Some pools are large and run together eventually forming small streams at times. Some are tiny and fleeting –
But they are notoriously hard to photograph. I mean, basically they’re just big puddles with leaves at the bottom and plants hemming them in on all sides. They form in dense woods which can be rather flat which doesn’t get you much perspective. For that first shot I stood on a little hillock to get a tiny bit of elevation which works ok I think. The second was shot from my driveway which is a foot or so above the tiny pool, beside which grow ferns including my beloved maidenhair.
Ferns will be a big part of the landscape so I’ve given some thought to them in terms of the kinds of images I want to make. Reflections. Moss. Logs. Grass. All can be part of what makes a vernal pool vital. Discovering more about them is sure to bring me some surprises.
All of these photos were taken across the street from my house in a bunch of vacant land so it will be easy for me to visit often and document changes. That is the main reason I want to try my hand at this; ease of access. I dread bug season, but I will brave it for the sake of giving it a go. As a matter of fact, as I write this I already have a second visit done and I think I’ve found a couple of pools that will last long enough to show their cycles. I hope I can show how special and interesting these little habitats are. It certainly feels challenging and hopefully my creative spark ignites and I can break out of my rut a little bit.
Another subject I love in winter are brooks, streams and rivers. Or more properly for Wisconsin, a creek. Ripley Creek in particular. It’s a lovely, but overgrown waterway that feeds into the Wisconsin river just south of my house. The trailhead is 8 minutes away so it’s becoming a go-to spot in much the same way as Tucker and Purgatory brooks used to be for me in NH.
My usual approach to this kind of shot is to use a slow shutter speed and smooth the water, but this time I decided that the smooth element was already there – the snow – and so I left off the filter(s) and used a faster shutter speed. This gave me a rougher, more jagged texture in the water and that contrasts nicely with the snowy blanket on the shore.
The camera was on the tripod for both those shots, but sometimes I just couldn’t get it into the right position and I had to hand hold. Luckily I could brace myself pretty well and there was enough light that I didn’t have to go to a very high ISO.

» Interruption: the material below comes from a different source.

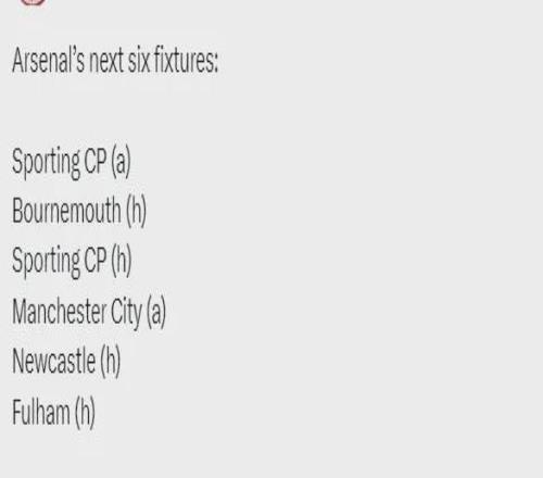 阿森納未來6場比賽對手:客戰(zhàn)葡萄牙體育、主戰(zhàn)伯恩茅斯、主戰(zhàn)葡萄牙體育、客戰(zhàn)曼城、主戰(zhàn)紐卡斯?fàn)?、主?zhàn)富勒姆。

I had to go for it though because of the shapes the ice forms behind the boulders. Isn’t it great? You can see that the water slows down behind the rocks and so that’s where the ice forms first. I was jammed into the branches of a hemlock sapling for this one, trying to back up enough to get the near ice formation and the right bank into the shot without getting the branches in the way. Not a bad effort and one of my favorites for the series.
Another big choice for winter water scenes is monochrome or color. Going black and white works especially well because there is true white and true black in just about every shot (even if you do have to tweak in post). It’s dramatic and shows off the textures and contours of the landscape, which you can see here supports a lot of plant growth and is sometimes steep and rocky. The color of the water though, is part of what fascinates me about doing stream work. The tannins.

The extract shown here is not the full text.